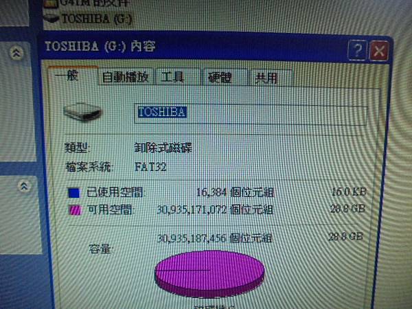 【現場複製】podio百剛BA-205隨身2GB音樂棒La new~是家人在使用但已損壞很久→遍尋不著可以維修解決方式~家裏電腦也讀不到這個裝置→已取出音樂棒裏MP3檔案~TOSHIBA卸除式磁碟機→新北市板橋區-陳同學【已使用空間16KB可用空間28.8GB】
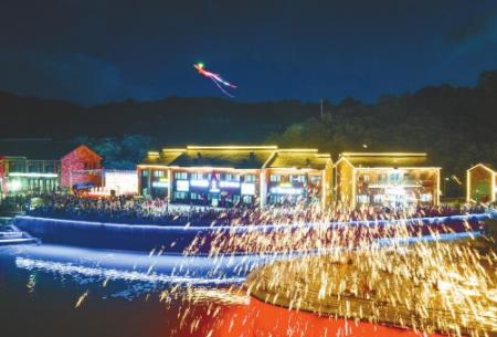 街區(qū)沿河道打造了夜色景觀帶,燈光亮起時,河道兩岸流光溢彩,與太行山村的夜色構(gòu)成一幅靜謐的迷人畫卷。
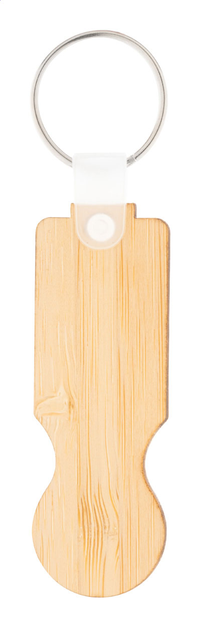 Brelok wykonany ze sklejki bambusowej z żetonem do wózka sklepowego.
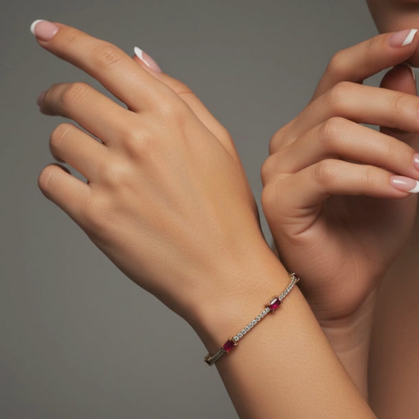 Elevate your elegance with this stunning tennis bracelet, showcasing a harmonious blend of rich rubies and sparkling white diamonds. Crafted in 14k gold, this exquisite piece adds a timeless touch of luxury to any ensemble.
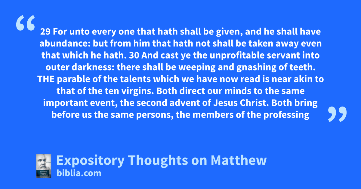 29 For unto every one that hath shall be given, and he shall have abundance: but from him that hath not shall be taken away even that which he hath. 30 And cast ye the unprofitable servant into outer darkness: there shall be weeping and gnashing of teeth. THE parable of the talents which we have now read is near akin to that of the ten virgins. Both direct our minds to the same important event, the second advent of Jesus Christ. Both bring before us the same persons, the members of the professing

==

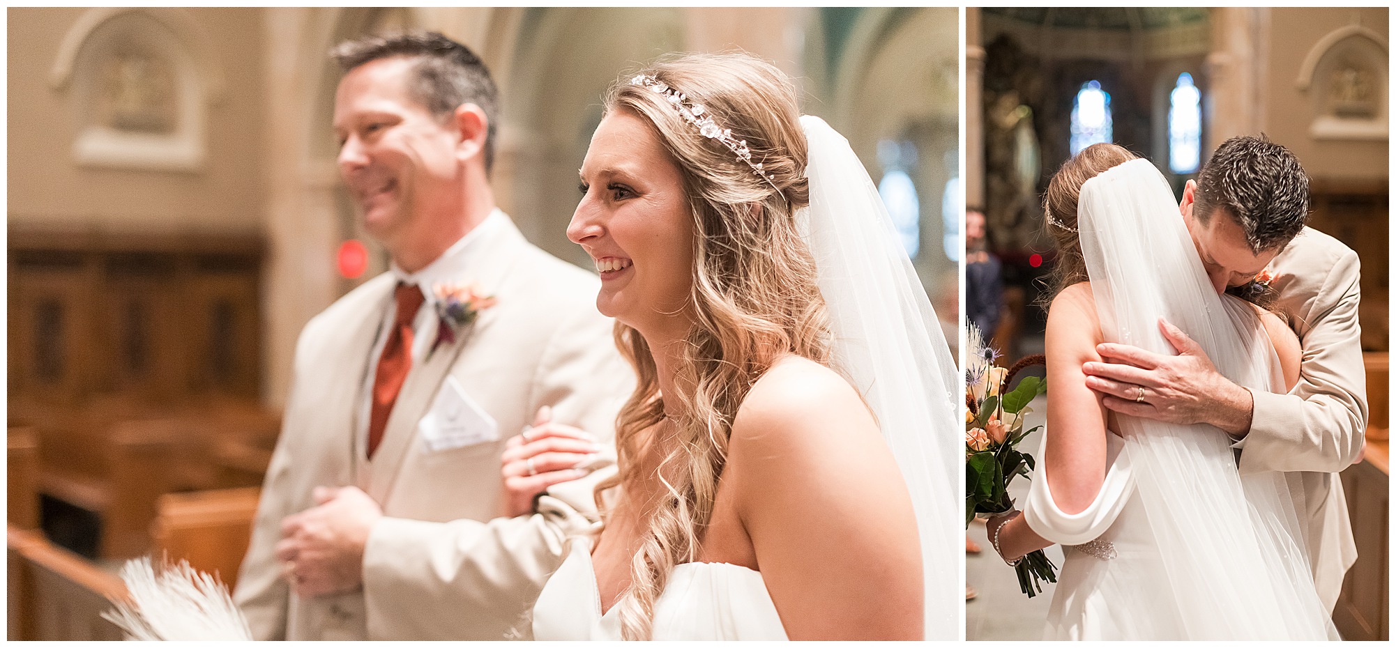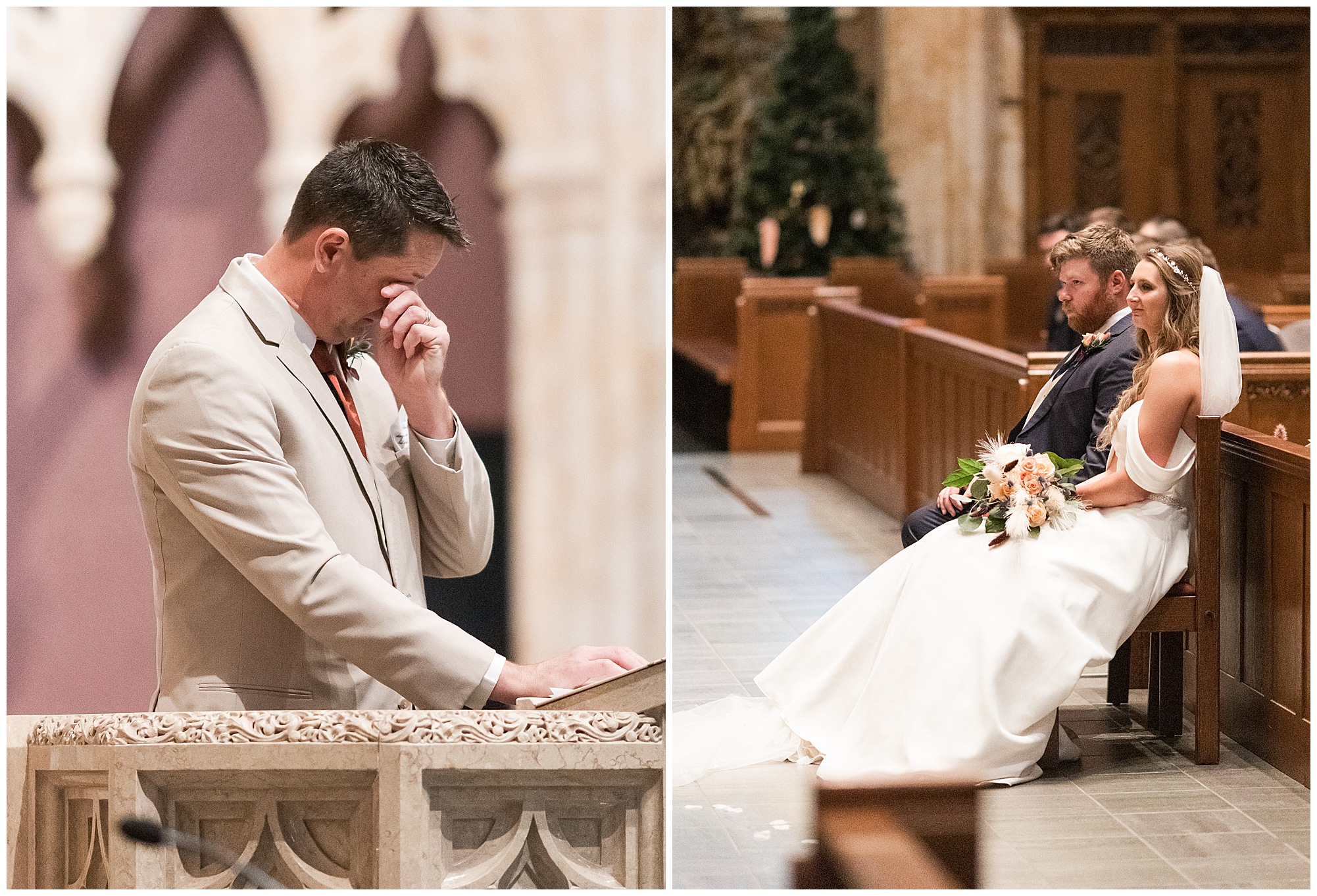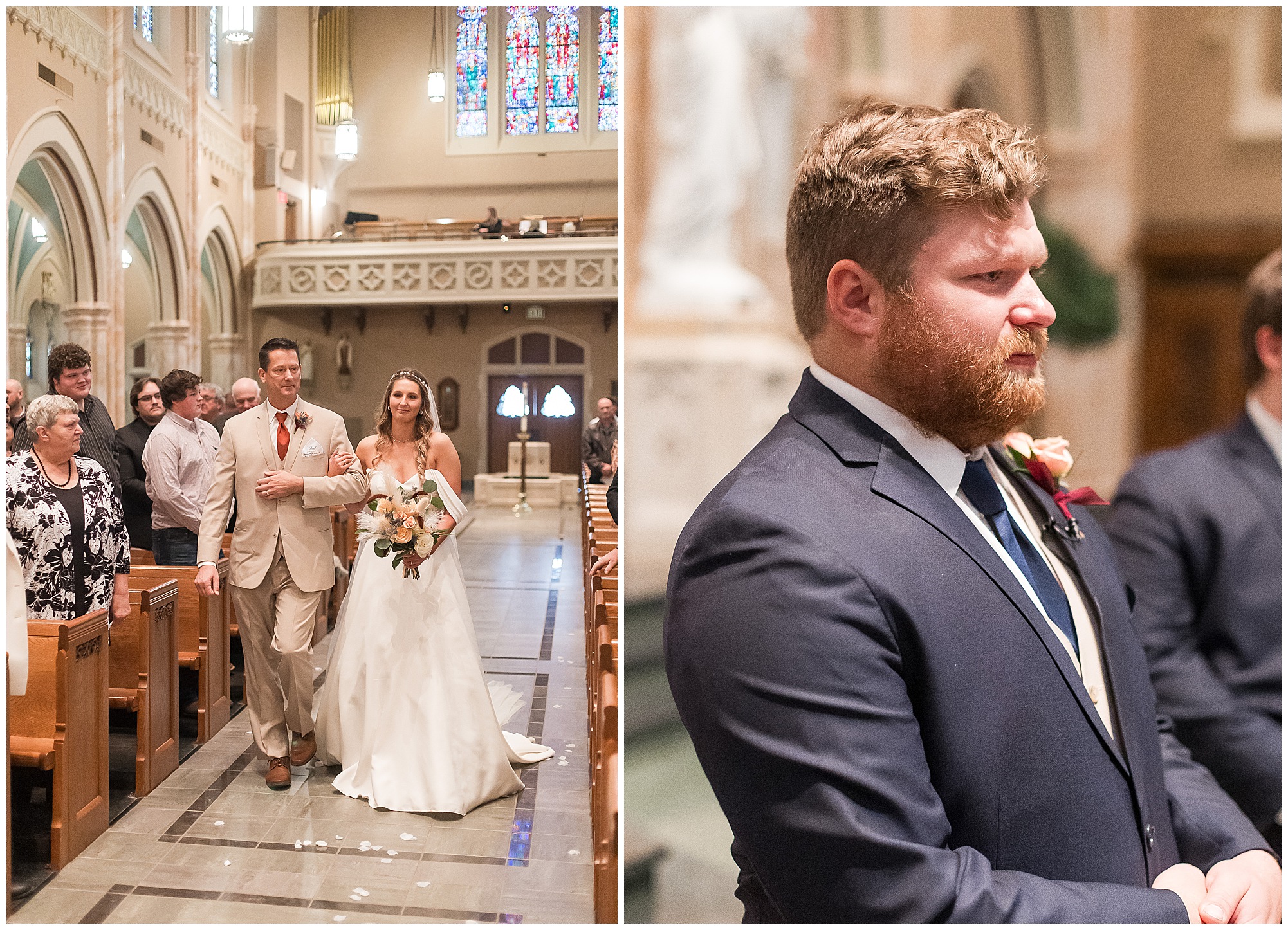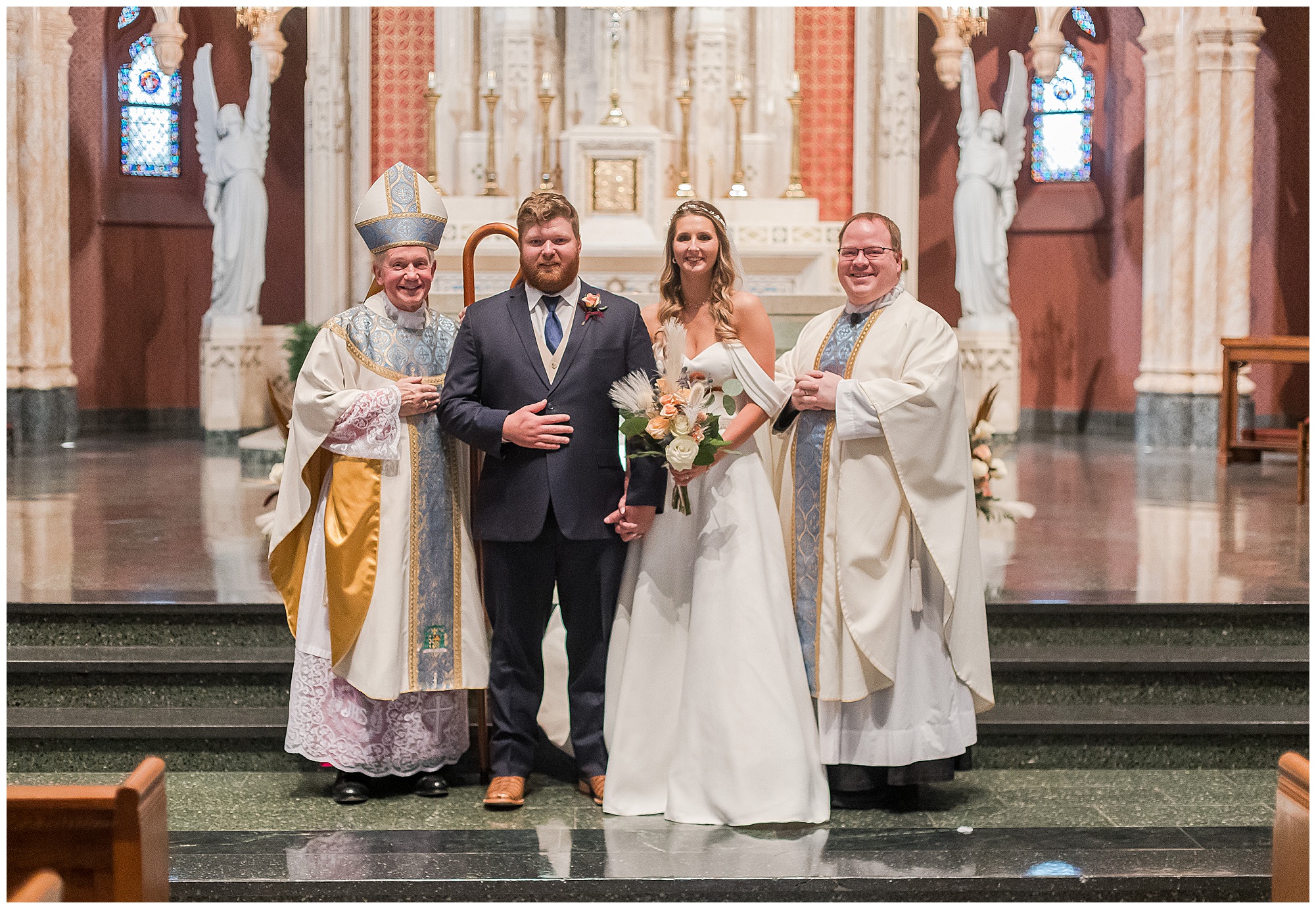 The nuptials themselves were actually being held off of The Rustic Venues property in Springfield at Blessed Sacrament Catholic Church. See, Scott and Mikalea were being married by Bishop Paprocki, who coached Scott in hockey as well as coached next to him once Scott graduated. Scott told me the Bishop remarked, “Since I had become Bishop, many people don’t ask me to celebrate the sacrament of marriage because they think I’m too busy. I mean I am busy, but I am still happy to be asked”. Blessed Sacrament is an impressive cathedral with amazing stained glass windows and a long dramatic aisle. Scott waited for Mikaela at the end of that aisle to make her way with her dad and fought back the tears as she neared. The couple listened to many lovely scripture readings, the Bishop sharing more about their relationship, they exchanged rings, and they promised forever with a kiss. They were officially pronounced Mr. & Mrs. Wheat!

TASK BRIEF
Print, exactly, each line above from the one with "Brelok wykonany ze" to the one with "Elevate your elegance", end lines included. Leave pictures out of it.

REPLY
 Brelok wykonany ze sklejki bambusowej z żetonem do wózka sklepowego.
 Elevate your elegance with this stunning tennis bracelet, showcasing a harmonious blend of rich rubies and sparkling white diamonds. Crafted in 14k gold, this exquisite piece adds a timeless touch of luxury to any ensemble.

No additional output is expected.